Exercise aim: Your answer must be an exact copy of the records, minus any pictures.
Exercise data section start
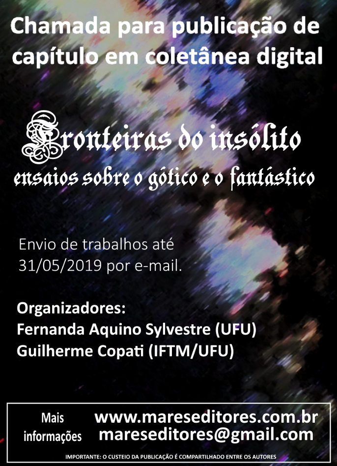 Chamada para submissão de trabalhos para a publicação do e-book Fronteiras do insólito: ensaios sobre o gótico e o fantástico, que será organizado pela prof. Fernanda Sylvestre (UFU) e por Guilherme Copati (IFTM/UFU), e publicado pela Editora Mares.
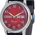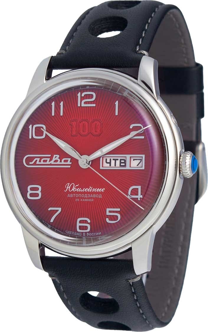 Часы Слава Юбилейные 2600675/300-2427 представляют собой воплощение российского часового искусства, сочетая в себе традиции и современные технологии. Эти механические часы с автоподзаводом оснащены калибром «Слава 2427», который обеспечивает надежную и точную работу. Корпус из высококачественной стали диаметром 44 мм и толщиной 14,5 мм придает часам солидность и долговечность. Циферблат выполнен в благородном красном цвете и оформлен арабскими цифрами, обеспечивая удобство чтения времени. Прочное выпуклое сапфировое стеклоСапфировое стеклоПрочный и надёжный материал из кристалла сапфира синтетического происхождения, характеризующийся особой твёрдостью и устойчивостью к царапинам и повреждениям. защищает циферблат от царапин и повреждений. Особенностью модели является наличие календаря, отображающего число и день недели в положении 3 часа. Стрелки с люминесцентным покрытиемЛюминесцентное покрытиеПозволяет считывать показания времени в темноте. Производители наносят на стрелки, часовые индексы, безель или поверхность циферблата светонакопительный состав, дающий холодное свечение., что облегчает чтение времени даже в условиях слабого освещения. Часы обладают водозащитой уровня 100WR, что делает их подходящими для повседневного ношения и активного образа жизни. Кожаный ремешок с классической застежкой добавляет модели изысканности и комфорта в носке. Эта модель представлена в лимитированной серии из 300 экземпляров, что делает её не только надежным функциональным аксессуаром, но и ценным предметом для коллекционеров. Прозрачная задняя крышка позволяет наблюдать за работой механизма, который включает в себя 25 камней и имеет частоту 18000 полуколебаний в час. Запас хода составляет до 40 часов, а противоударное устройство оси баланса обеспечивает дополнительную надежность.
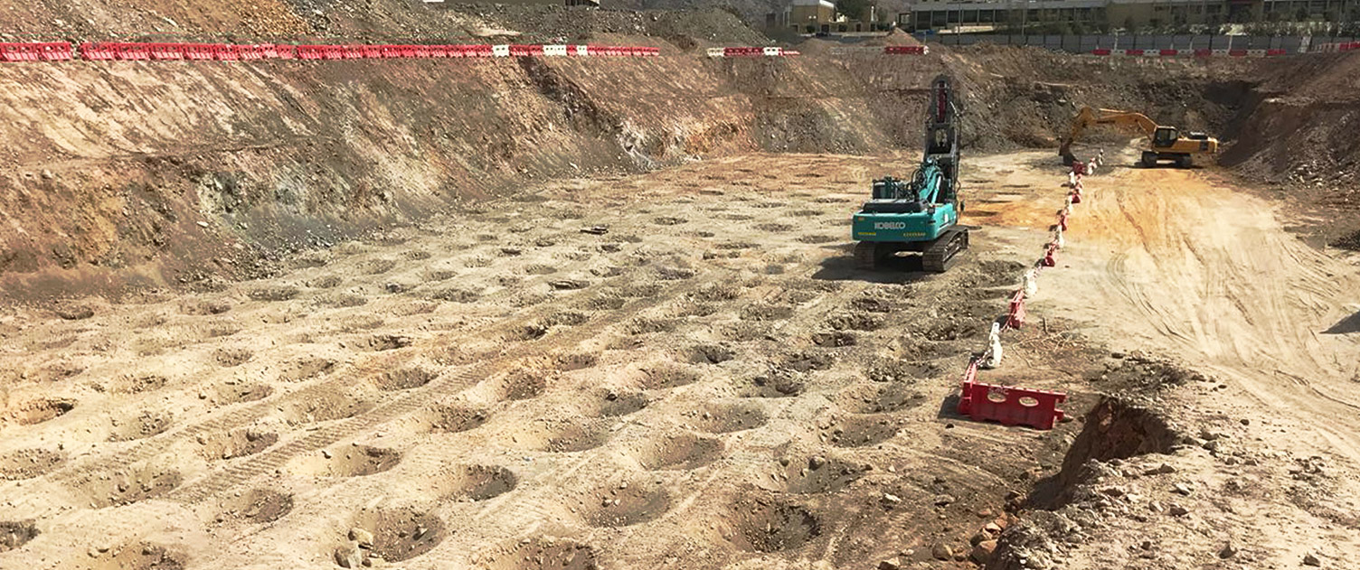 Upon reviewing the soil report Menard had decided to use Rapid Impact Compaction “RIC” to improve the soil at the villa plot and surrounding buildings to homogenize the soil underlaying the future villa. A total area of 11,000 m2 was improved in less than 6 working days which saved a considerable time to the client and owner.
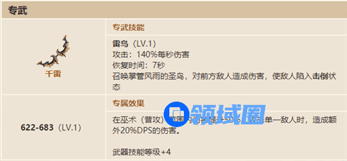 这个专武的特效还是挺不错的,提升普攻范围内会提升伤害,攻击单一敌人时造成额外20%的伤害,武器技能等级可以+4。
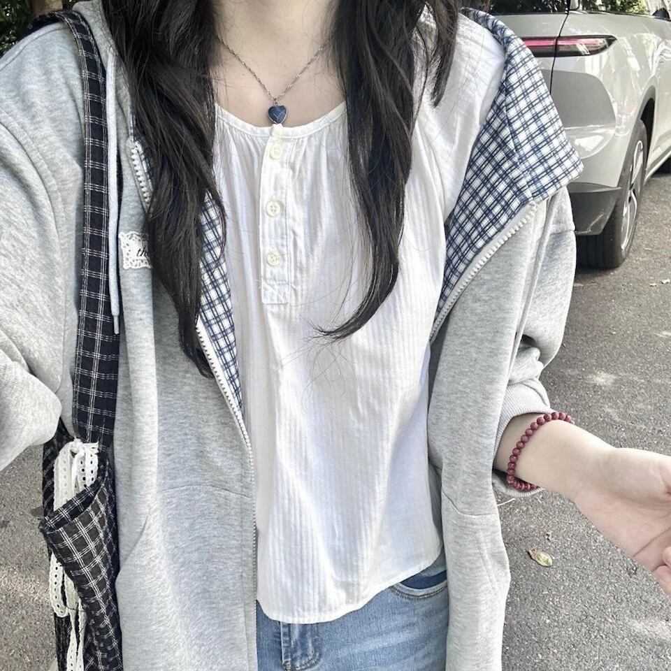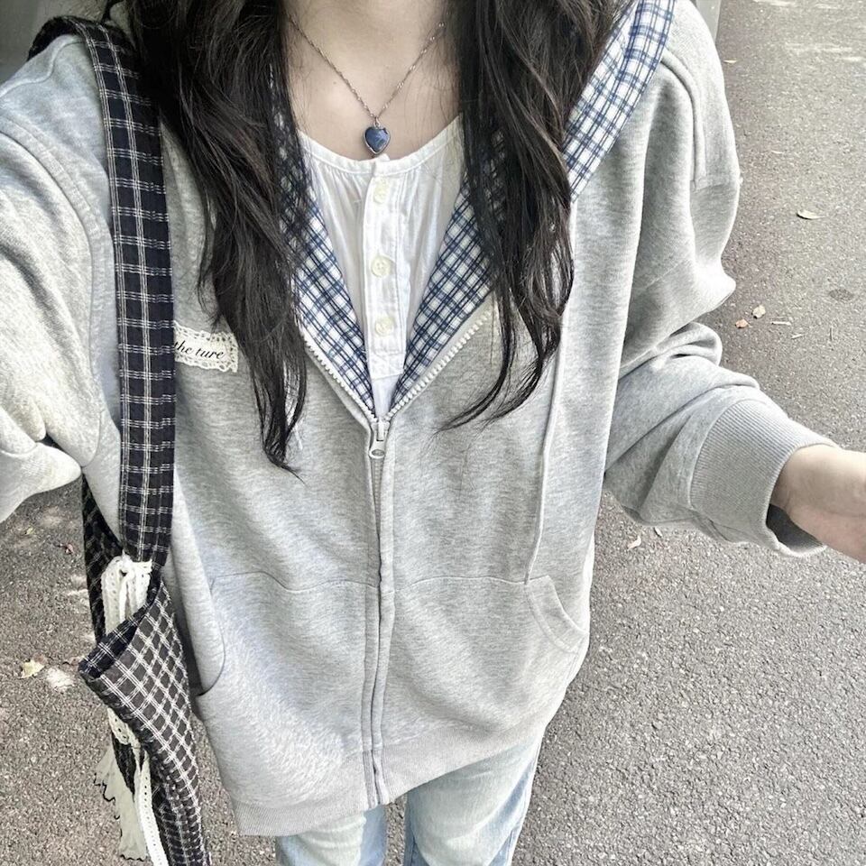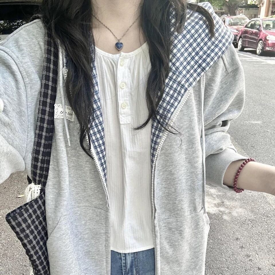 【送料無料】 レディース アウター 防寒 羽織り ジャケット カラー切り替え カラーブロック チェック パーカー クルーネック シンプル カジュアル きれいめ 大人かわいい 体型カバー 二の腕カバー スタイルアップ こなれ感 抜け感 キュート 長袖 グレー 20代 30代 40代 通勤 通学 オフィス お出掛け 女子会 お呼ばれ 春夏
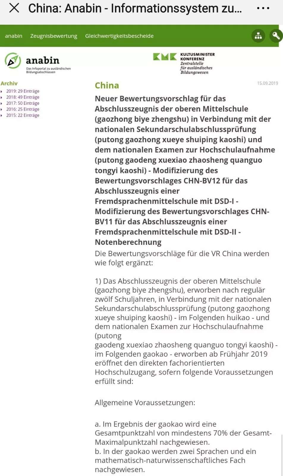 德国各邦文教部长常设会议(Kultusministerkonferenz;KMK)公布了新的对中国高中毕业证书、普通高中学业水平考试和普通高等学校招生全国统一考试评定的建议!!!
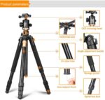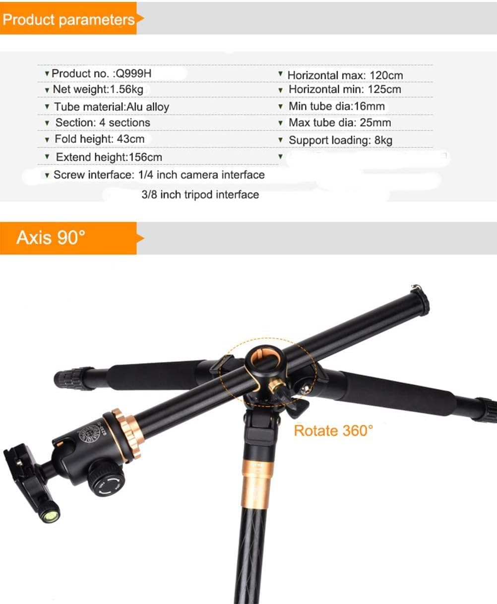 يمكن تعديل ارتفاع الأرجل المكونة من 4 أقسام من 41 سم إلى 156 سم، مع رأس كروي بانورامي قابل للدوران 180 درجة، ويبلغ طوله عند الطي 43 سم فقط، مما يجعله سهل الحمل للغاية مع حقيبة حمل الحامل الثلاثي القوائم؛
Exercise data section end
Response to the exercise:
 Chamada para submissão de trabalhos para a publicação do e-book Fronteiras do insólito: ensaios sobre o gótico e o fantástico, que será organizado pela prof. Fernanda Sylvestre (UFU) e por Guilherme Copati (IFTM/UFU), e publicado pela Editora Mares.
 Часы Слава Юбилейные 2600675/300-2427 представляют собой воплощение российского часового искусства, сочетая в себе традиции и современные технологии. Эти механические часы с автоподзаводом оснащены калибром «Слава 2427», который обеспечивает надежную и точную работу. Корпус из высококачественной стали диаметром 44 мм и толщиной 14,5 мм придает часам солидность и долговечность. Циферблат выполнен в благородном красном цвете и оформлен арабскими цифрами, обеспечивая удобство чтения времени. Прочное выпуклое сапфировое стеклоСапфировое стеклоПрочный и надёжный материал из кристалла сапфира синтетического происхождения, характеризующийся особой твёрдостью и устойчивостью к царапинам и повреждениям. защищает циферблат от царапин и повреждений. Особенностью модели является наличие календаря, отображающего число и день недели в положении 3 часа. Стрелки с люминесцентным покрытиемЛюминесцентное покрытиеПозволяет считывать показания времени в темноте. Производители наносят на стрелки, часовые индексы, безель или поверхность циферблата светонакопительный состав, дающий холодное свечение., что облегчает чтение времени даже в условиях слабого освещения. Часы обладают водозащитой уровня 100WR, что делает их подходящими для повседневного ношения и активного образа жизни. Кожаный ремешок с классической застежкой добавляет модели изысканности и комфорта в носке. Эта модель представлена в лимитированной серии из 300 экземпляров, что делает её не только надежным функциональным аксессуаром, но и ценным предметом для коллекционеров. Прозрачная задняя крышка позволяет наблюдать за работой механизма, который включает в себя 25 камней и имеет частоту 18000 полуколебаний в час. Запас хода составляет до 40 часов, а противоударное устройство оси баланса обеспечивает дополнительную надежность.
 Upon reviewing the soil report Menard had decided to use Rapid Impact Compaction “RIC” to improve the soil at the villa plot and surrounding buildings to homogenize the soil underlaying the future villa. A total area of 11,000 m2 was improved in less than 6 working days which saved a considerable time to the client and owner.
 这个专武的特效还是挺不错的,提升普攻范围内会提升伤害,攻击单一敌人时造成额外20%的伤害,武器技能等级可以+4。
 【送料無料】 レディース アウター 防寒 羽織り ジャケット カラー切り替え カラーブロック チェック パーカー クルーネック シンプル カジュアル きれいめ 大人かわいい 体型カバー 二の腕カバー スタイルアップ こなれ感 抜け感 キュート 長袖 グレー 20代 30代 40代 通勤 通学 オフィス お出掛け 女子会 お呼ばれ 春夏
 德国各邦文教部长常设会议(Kultusministerkonferenz;KMK)公布了新的对中国高中毕业证书、普通高中学业水平考试和普通高等学校招生全国统一考试评定的建议!!!
 يمكن تعديل ارتفاع الأرجل المكونة من 4 أقسام من 41 سم إلى 156 سم، مع رأس كروي بانورامي قابل للدوران 180 درجة، ويبلغ طوله عند الطي 43 سم فقط، مما يجعله سهل الحمل للغاية مع حقيبة حمل الحامل الثلاثي القوائم؛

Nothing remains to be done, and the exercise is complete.